Benefícios da suplementação de vitamina A no período pós-parto

Saskia de Pee

PhD. Technical advisor, Nutrition and HIV/AIDS Policy, Policy and Strategy Division, World Food Programme, Rome, Itália

Correspondência Correspondência: Saskia de Pee Via Cesare Giulio Viola 68/70 00148 - Roma - Itália Tel.: +31 (06) 2290.2796 E-mail: depee.saskia@gmail.com

Lima et al.1 relatam um achado interessante e inédito sobre o aumento da concentração de imunoglobulina A secretória (IgAs) no colostro até 24 horas após a administração de uma cápsula de alta dose de vitamina A (200.000 UI) a mulheres no primeiro dia pós-parto. O principal achado foi que, enquanto a concentração média de IgAs no colostro no grupo de controle caiu de 829,1 mg/dL no primeiro dia para 343,9 mg/dL no dia seguinte (n = 44), no grupo intervenção a redução foi de apenas 827,3 mg/dL para 501,2 mg/dL (n = 52; p < 0,00001 para diferenças de concentração no segundo dia).

As altas concentrações de IgAs no colostro oferecem ao recém-nascido proteção imunológica imediata contra infecções logo após o nascimento, quando seu sistema imunológico é imaturo. Deduz-se deste resultado que a cápsula de alta dose de vitamina A administrada às mães aumentou a concentração de vitamina A no leite materno. Tal efeito levará a um aumento da quantidade de vitamina A ingerida pelo recém-nascido durante os primeiros meses de amamentação, o que também poderá levar a uma melhoria tanto do seu sistema imune inato quanto da função da sua barreira epitelial.

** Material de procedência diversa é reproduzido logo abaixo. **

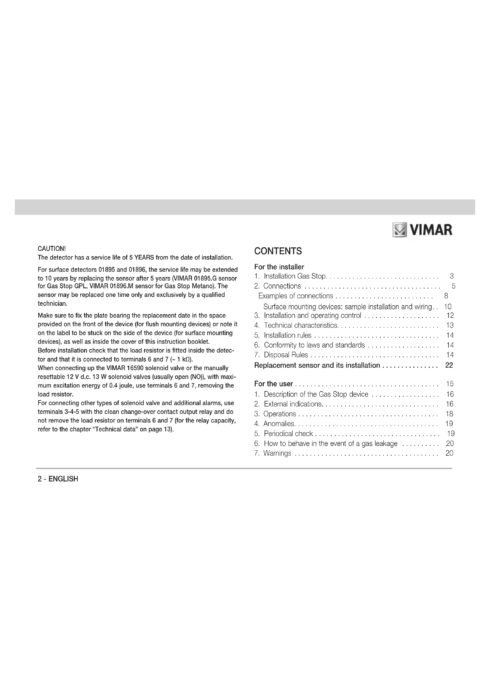 CAUTION! The detector has a service life of 5 YEARS from the date of installation. For surface detectors 01895 and 01896, the service life may be extended to 10 years by replacing the sensor after 5 years (VIMAR 01895.G sensor for Gas Stop GPL, VIMAR 01896.M sensor for Gas Stop Metano). The sensor may be replaced one time only and exclusively by a qualified technician. Make sure to fix the plate bearing the replacement date in the space provided on the front of the device (for flush mounting devices) or note it on the label to be stuck on the side of the device (for surface mounting devices), as well as inside the cover of this instruction booklet. Before installation check that the load resistor is fitted inside the detec- tor and that it is connected to terminals 6 and 7 (~ 1 kΩ). When connecting up the VIMAR 16590 solenoid valve or the manually resettable 12 V d.c. 13 W solenoid valves (usually open (NO)), with maxi- mum excitation energy of 0.4 joule, use terminals 6 and 7, removing the load resistor. For connecting other types of solenoid valve and additional alarms, use terminals 3-4-5 with the clean change-over contact output relay and do not remove the load resistor on terminals 6 and 7 (for the relay capacity, refer to the chapter “Technical data” on page 13).ENGLISH - 3

Os autores não informaram sobre a concentração de retinol sérico ou no leite materno, o que é surpreendente visto que a diferença esperada na concentração de retinol sérico no primeiro mês pós-parto foi usada para calcular o tamanho de amostra necessário para os grupos do estudo. Teria sido útil poder comparar as concentrações de retinol sérico e de retinol no leite materno com as concentrações de IgAs depois dos primeiros 2 dias pós-parto.

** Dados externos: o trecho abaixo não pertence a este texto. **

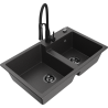 Mexen Tomas gránit 2-medencés mosogató Aster konyhai csapteleppel, fekete/ezüst metál - 6516-73-73450-70-B

Muitos estudos têm relatado que a suplementação pós-parto de vitamina A pode resultar em melhorias modestas e de curto prazo no estado nutricional de vitamina A da mãe e do recém-nascido; tais melhorias são medidas como maiores concentrações de retinol sérico, maiores reservas hepáticas de vitamina A ou maiores níveis de vitamina A no leite materno2. Em 1997, o Task Force WHO/UNICEF/IVACG publicou diretrizes recomendando a suplementação de puérperas com 200.000 UI de vitamina A3. Em 2001, as diretrizes foram revisadas e passaram a recomendar uma dosagem maior, de 400.000 UI, dividida em duas doses de 200.000 UI administradas com pelo menos 1 dia de diferença. Essa medida foi tomada principalmente porque o efeito da dose única mais baixa demonstrou um impacto limitado no estado nutricional de vitamina A de lactentes nos primeiros 6 meses de vida4. Porém, com base na análise de revisões sistemáticas sobre suplementação pós-parto de vitamina A que não observaram impacto na morbimortalidade materna ou infantil5-7, as novas diretrizes da OMS de 2011 não recomendam a suplementação pós-parto de vitamina A como uma estratégia de saúde pública8.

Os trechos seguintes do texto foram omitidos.